Entity-Centric Organization
Intermediate models organize around business entities — orders, customers, products, sessions — not around consumer-specific data bundles. A single intermediate model joining fifteen tables for one team’s purposes creates maintenance problems and reduces reusability. Entity-specific models instead:
int__order__enriched— Order grain, enriched with customer and channel dataint__customer__enriched— Customer grain, enriched with aggregated order metricsint__session__enriched— Session grain, enriched with conversion and attribution data
Each entity model is independently testable, independently debuggable, and reusable across multiple marts. When the marketing team needs order data and the finance team needs order data, both reference int__order__enriched. One source of truth.

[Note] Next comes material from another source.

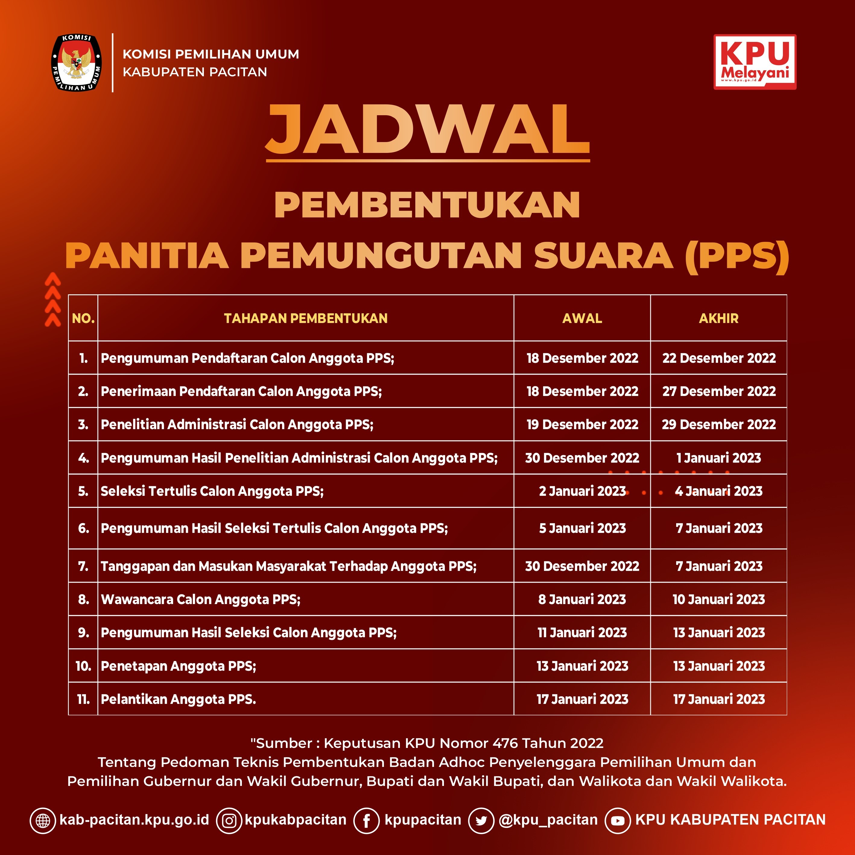 Pacitan, kab-pacitan.kpu.go.id - Komisi Pemilihan Umum (KPU) Kabupaten Pacitan melaksanakan seleksi tertulis manual bagi calon Panitia Pemungutan Suara (PPS) Pemilu 2024, Jumat (6/1/2023). Seleksi yang diikuti 1.407 orang tersebut dihelat dilima lokasi berbeda. Yakni, di SMK PGRI Donorojo, untuk peserta dari Kecamatan Donorojo, Punung dan Pringkuku. SMPN 1 Kebonagung, menampung peserta tes dari Kecamatan Pacitan dan Kebonagung. SMKN Ngadirojo untuk peserta Kecamatan Sudimoro, Ngadirojo dan Tulakan. SMPN 2 Arjosari untuk peserta Kecamatan Arjosari dan Tegalombo. Sedangkan peserta dari Kecamatan Nawangan-Bandar, dipusatkan di Monumen Pangsar Jendral Sudirman, Pakis Baru, Nawangan. “Perlu diketahui, dari 1.497 orang yang lolos seleksi administrasi sebelumnya, ada 97 orang yang tidak hadir mengikuti seleksi tertulis ini,” kata Ketua KPU Pacitan, Sulis Styorini. Ditambahkan, pembagian dilima zona pelaksanaan seleksi tertulis juga mempertimbangkan kondisi geografis di Pacitan. Terlebih, beberapa lembaga pendidikan mendukung ruang kelasnya dipergunakan seleksi tertulis. Bahkan, ada juga yang menggunakan ruang pertemuan di Situs Monumen Pangsar Jendral Sudirman, Nawangan. “Alhamdulillah, pelaksanaan lancar,” tandas Sulis Styorini. Terkait pelaksanaan seleksi, peserta diberikan 75 soal yang langsung dari KPU RI, dengan jawaban pilihan ganda, dalam waktu 90 menit. Pun demikian, ada empat type soal. Sehingga, walaupun duduk berdekatan, namun soalnya berbeda-beda. Berikut laporan seleksi tertulis dari masing-masing zona oleh Tim Bakohumas Panitia Pemilihan Kecamatan Zona Donorojo-Pringkuku-Punung Seleksi tertulis calon PPS di zona ini, dihadiri oleh Komisioner Aswika Budhi Arfandy dan tim sekretariat KPU Pacitan. Selain itu, kegiatan juga melibatkan anggota Panitia Pemilihan Kecamatan (PPK) dari Kecamatan Donorojo, Punung dan Pringkuku. Tidak itu saja, kegiatan seleksi juga dihadiri Ketua Bawaslu Pacitan, Berty Stefanus HRW, Panwascam dan forkopimca setempat. Kegiatan tes tertulis di zona ini, diikuti 250-an peserta calon anggota PPS. Zona Bandar-Nawangan Kegiatan seleksi tertulis di zona ini dikawal langsung Ketua KPU Kabupaten Pacitan, Sulis Styorini. Selain dibantu tim sekretariat, juga melibatkan anggota PPK Kecamatan Bandar dan Nawangan. Seleksi tertulis yang diikuti 168 calon anggota PPS ini juga dihadiri Anggota Bawaslu Pacitan, Mashuri. Tidak itu saja, Panwascam dari Kecamatan Bandar dan Nawangan juga melakukan pengawasan. Begitu juga Forkopimca turut memantau pelaksanaan tes tertulis PPSyang dilaksanakan di Auditorium Monumen Jenderal Soedirman Nawangan. Zona Ngadirojo, Tulakan dan Sudimoro Pelaksanaan seleksi tertulis di zona timur, Ngadirojo, Tulakan dan Sudimoro, dipusatkan di SMKN Ngadirojo, juga melaksanakan serentak seleksi tertulis calon anggota PPS untuk Pemilu 2024, Jum'at (6/1/ 2023). Pelaksanaan tes tertulis dikawal Komisioner KPU Pacitan, Eko Setiawan bersama tim sekretariat. Selain itu, juga melibatkan anggota PPK Kecamatan Tulakan, Ngadirojo dan Sudimoro. Seleksi tertulis juga dihadiri Anggota Bawaslu Pacitan, Sulami serta Panwascam dari Kecamatan Sudimoro, Ngadirojo dan Tulakan. Tidak itu saja, unsur Forkopimca juga turut memantau pelaksanaan tes tulis tersebut. Zona Arjosari dan Tegalombo Sementara itu, pelaksanaan seleksi tertulis Kecamatan Arjosari dan Tegalombo, dihelat di SMPN 2 Arjosari, Jum'at, 6 Januari 2023, dimulai pada pukul 08.45 WIB. Kegiatan ini Komisioner Iwit W Santoso, bersama Sekretaris KPU Kabupaten Pacitan Bambang Sutejo. Kegiatan seleksi juga melibatkan PPK Arjosari dan PPK Tegalombo. Pacitan-Kebonagung Sedangkan, seleksi tertulis zona Kecamatan Kebonagung dan Kecamatan Pacitan, dipusatkan di SMPN I Kebonagung. Jumlah keseluruhan peserta calon PPS yang mengikuti seleksi tertulis dari Kecamatan Pacitan dan Kebonagung adalah 387. Dengan rincian, Kecamatan Pacitan berjumlah 243 peserta dan dari Kecamatan Kebonagung 144 peserta. Seleksi yang dilaksanakan mulai pukul 09.00 sampai dengan 10.30 WIB berjalan dengan tertib dan lancar. Komisioner KPU Agus Susanto, S.Pd., MM. bersama tim sekretariat turut hadir dan mendampingi pelaksanaan seleksi tertulis tersebut. (Tim Bakohumas KPU Pacitan)
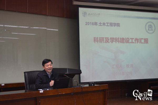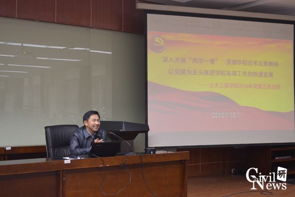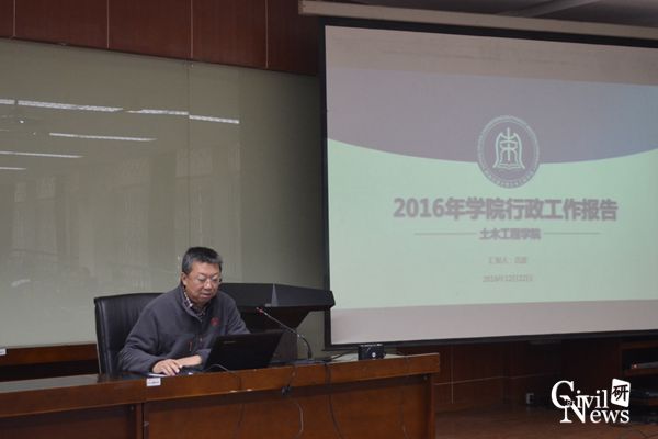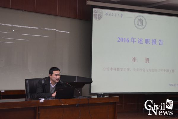 高院长汇报结束后,学院的蒲黔辉、祝兵、崔凯以及富海鹰副院长依次进行了工作述职。蒲院长的报告围绕学院实验室建设及发展工作展开,祝院长以学科评估期间院内各教职领导的辛苦付出及评估取得的成效为例表答了对学院众教职工作的肯定及感谢,崔院长就本科教学及专项方案规划制定方面列举了自己年内的工作情况,富院长则对学院研究生基本信息进行了报告并对年内自己在研究生培养方面所做出的工作进行了展示。

Single definition per metric
Two intermediate models that calculate customer__lifetime_value differently (one including refunds, one not; one all-time, one 12-month) create ambiguity. One definition should be canonical in the intermediate layer; variants derive from it in the mart layer where consumer-specific adjustments belong. That predictability — “customer lifetime value is in int__customer__enriched” — is the point of the dbt Three-Layer Architecture.

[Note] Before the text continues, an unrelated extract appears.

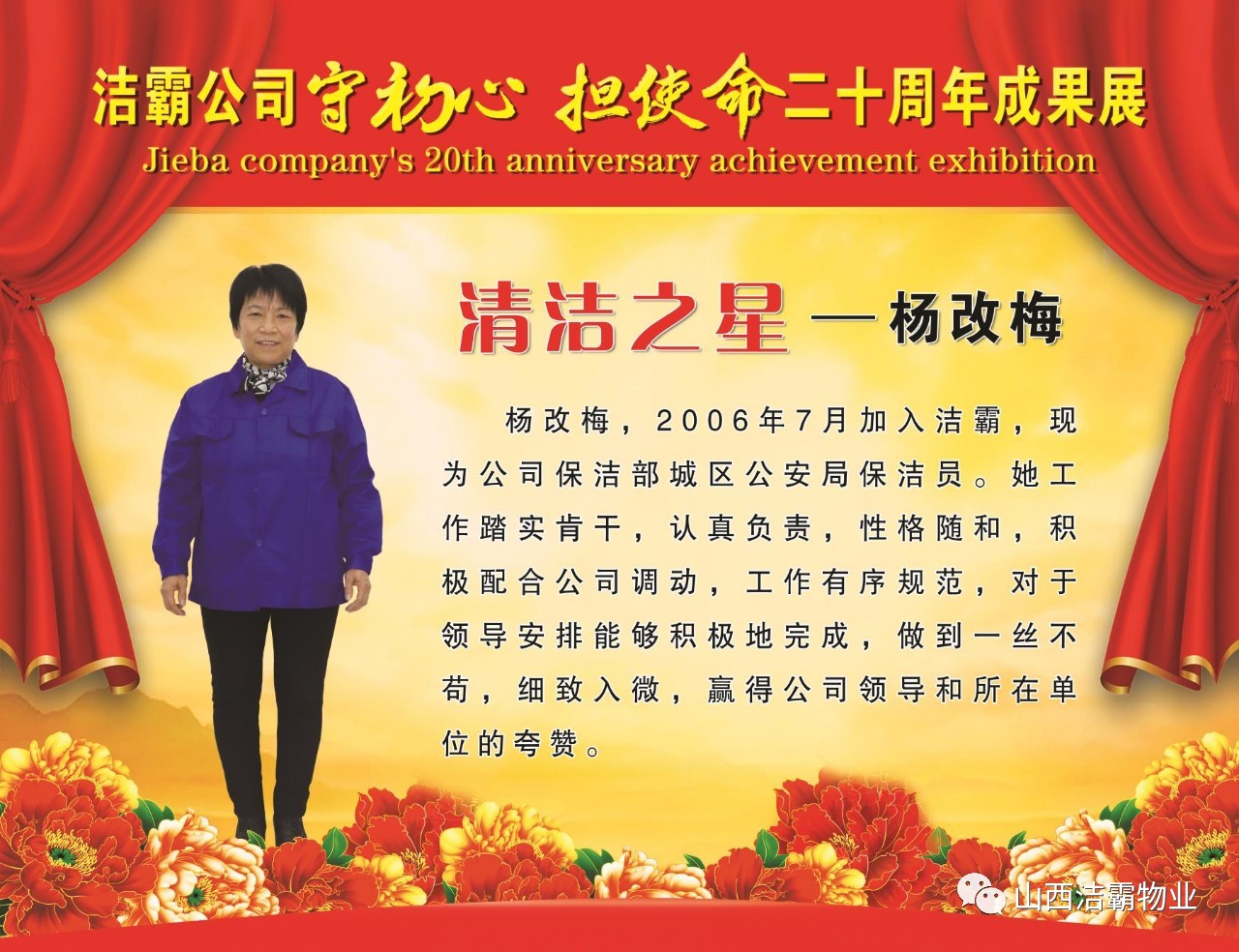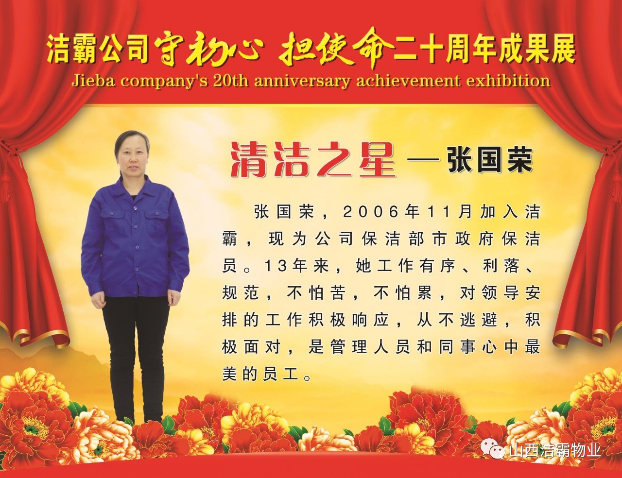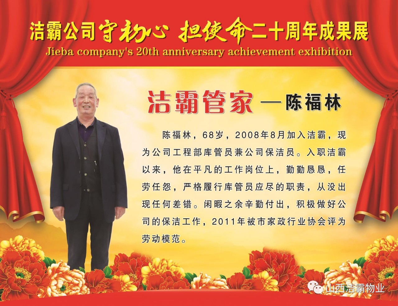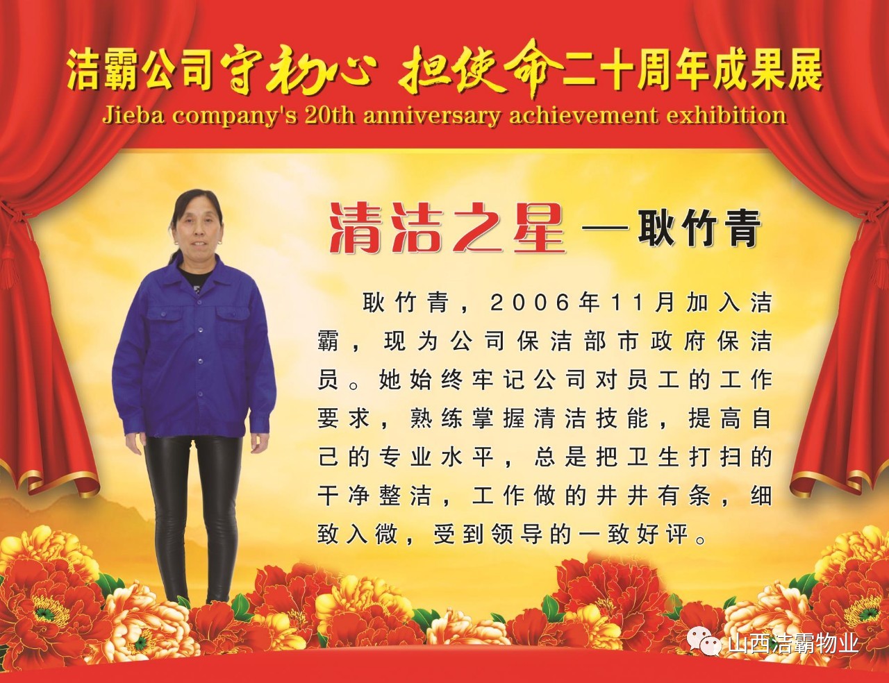 本次晚會(huì)以“潔霸二十華彰,感恩共創(chuàng)輝煌”為主題,此次慶典的核心思想是“感恩”,主要角色是潔霸的創(chuàng)業(yè)者。為此,公司對(duì)入職潔霸的創(chuàng)業(yè)功勛和一線員工進(jìn)行了表彰獎(jiǎng)勵(lì)。本次晚會(huì)共設(shè)8個(gè)獎(jiǎng)項(xiàng),包括“潔霸先鋒”“奉獻(xiàn)之星”“管理之星”“潔霸管家”“潔霸工匠”“清潔之星”“潔霸衛(wèi)士”“園藝之星”等。他們是:李山虎、張永智、史志霞、陳福林、王紅軍、余艷青、劉二丑、成艷粉、楊改梅、王書玲、張國榮、耿竹青、張粉霞、宋秋苗、陳先梅、張晉平、張偉山、趙瑞軍、王廣平、郭志云。晉城市原副市長(zhǎng)成育廷、晉城市商務(wù)局原局長(zhǎng)王新善、晉城市非公和社會(huì)組織工委書記郎軍芳、晉城市婦聯(lián)三級(jí)調(diào)研員李蓮菊、晉城市總工會(huì)商貿(mào)輕紡煙草服務(wù)業(yè)工會(huì)主席張玉濤、晉城市城區(qū)財(cái)政局局長(zhǎng)翟明太等領(lǐng)導(dǎo)為他們頒獎(jiǎng)。

Testing Intermediate Models
Intermediate models benefit from specific testing patterns:
- Primary key tests (
unique+not_null) on the entity’s grain column to confirm the grain wasn’t accidentally changed by a join - Relationship tests to verify joins didn’t produce orphaned records
- Row count comparisons (via
dbt_utils.equal_rowcount) against the base model to confirm the grain is preserved - Unit tests for complex business logic — value tier classifications, first-order flags, and similar
CASE WHENlogic benefit from mocked input verification
The row count test is especially important. If int__order__enriched has more rows than base__shopify__orders, a join created a fan-out. If it has fewer, a filter or inner join dropped records. Either way, the grain contract is broken.